Prompt: '<sos>' | Temperature: 2
Generated Text: '<sos> how bark are many <unk> some you? you? world are hello are <unk> cats bark <eos>'

Prompt: '<sos> Many cats' | Temperature: 1
Generated Text: '<sos> many cats you? hello are sleep dogs sleep are hello cats many you? <unk> many sleep dogs are how you? how you?'

Prompt: '<sos> Some cats' | Temperature: 1
Generated Text: '<sos> some cats some some you? bark sleep bark how are you? <eos>'

Prompt: '<sos> Cats have' | Temperature: 1
Generated Text: '<sos> cats <unk> <sos> bark how <unk> sleep world <eos>'

Prompt: '<sos> Cats like toys' | Temperature: 1
Generated Text: '<sos> cats <unk> <unk> world <sos>

In the observation of these results, one thing to note is the change of the temperature variable. 

In our type 1 sample test cases, a temperature of 0.5 generates repetitive, predictable text with minimal variation, often including unknown tokens ("<unk>").
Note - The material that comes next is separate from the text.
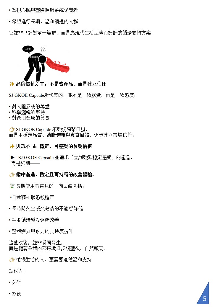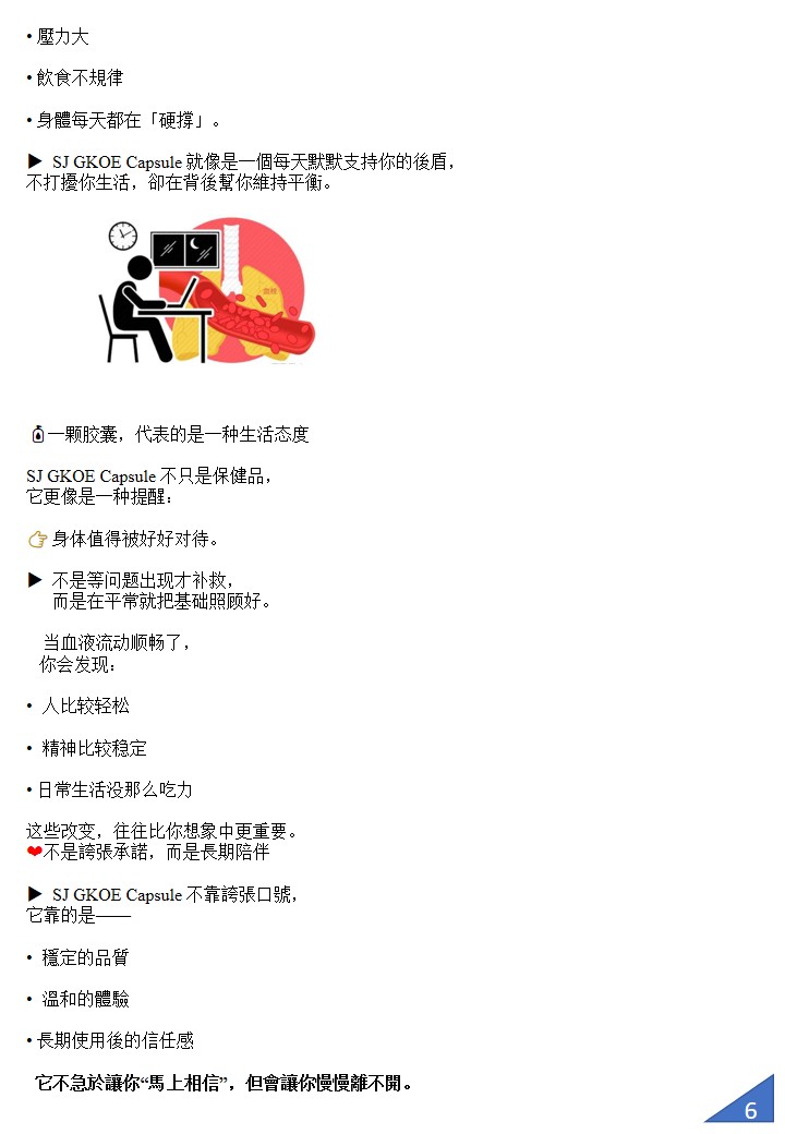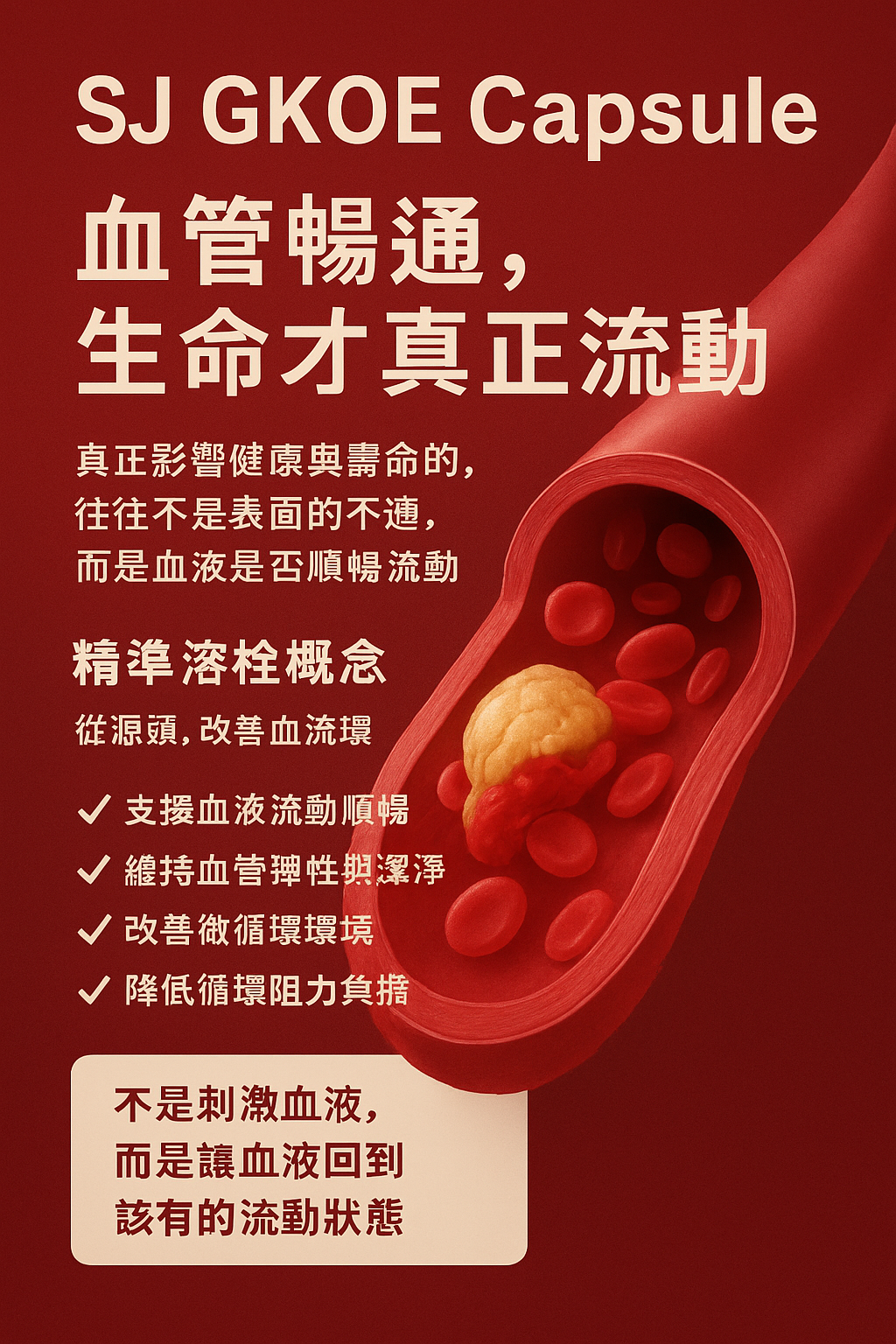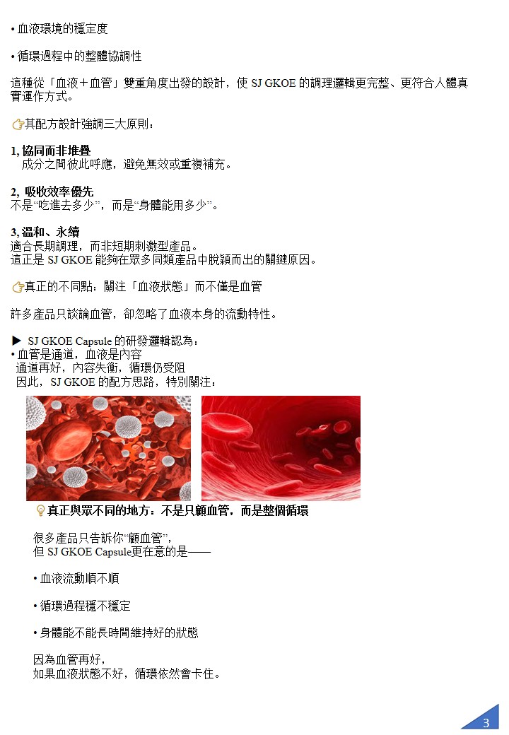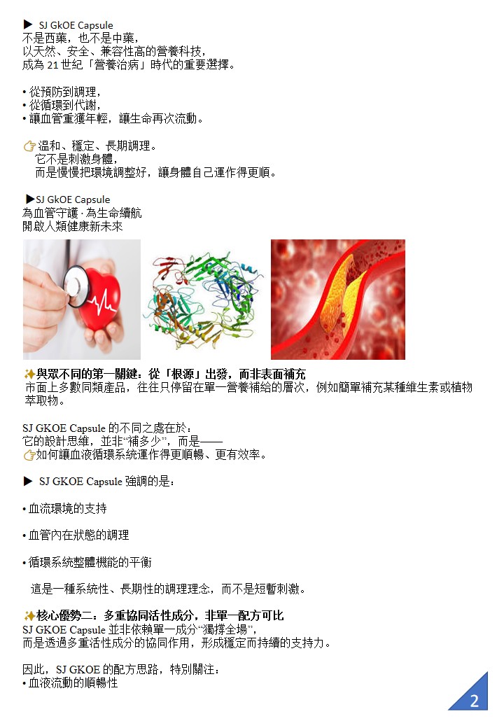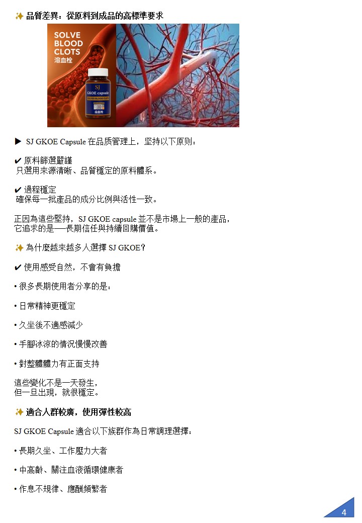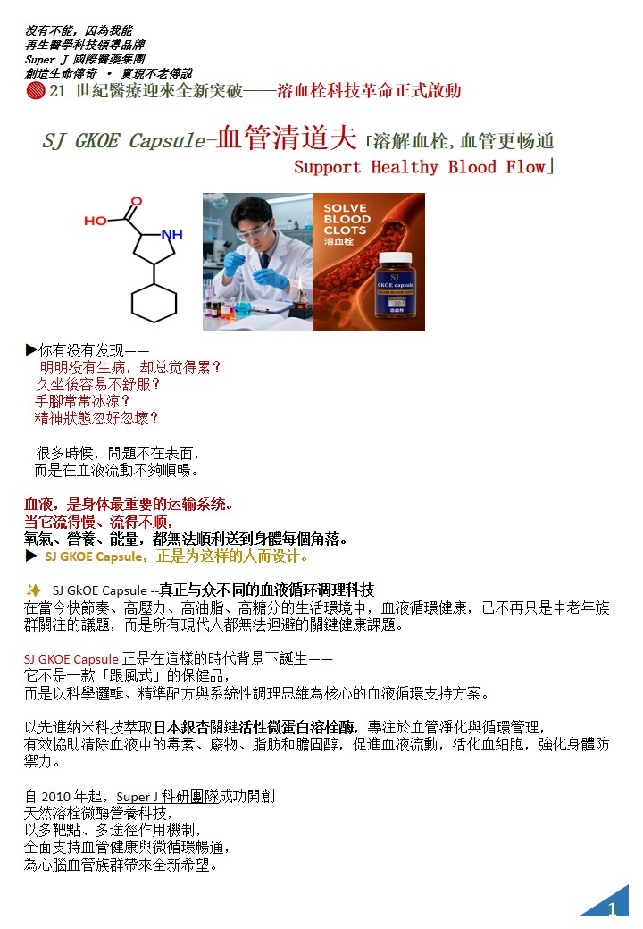 SJ GKOE capsule 心血管健康營養配方,專為分解清除血管雜質與血栓而設計。它的核心功效是幫助血液循環更順暢,減少血管阻塞風險,進而預防心梗、中風與「三高」等問題。 配方含有溶解血栓蛋白酶,並結合美國量子科技,使營養分子更細微、吸收更快,幫助身體自然分解血栓、清理血管沉積物與修復受損血管壁。常見回饋包括胸口不再悶、四肢麻木狀況改善、血壓更穩定等。

The default temperature of 1 balances randomness and coherence, producing more varied but still understandable output. However, 2 results in more increased randomness, leading to less coherent and more erratic text.

With Type 2 prompts of the training data, we can generate mostly relevant words, but often with nonsensical or incomplete sentences. Outputs are based on familiar patterns but still lack full coherence.
    
Finally, with type prompts, we struggle with novel combinations, generating incoherent text with frequent unknown tokens. The model relies on training data patterns but can't generalize well to unseen phrases. Lower temperatures produce more predictable output, while higher temperatures lead to more randomness. The model works best with familiar prompts but struggles with novel ones.

For this problem, we prompted GPT to apply temperature and normalize a probability distribution, while also sampling from that same distribution.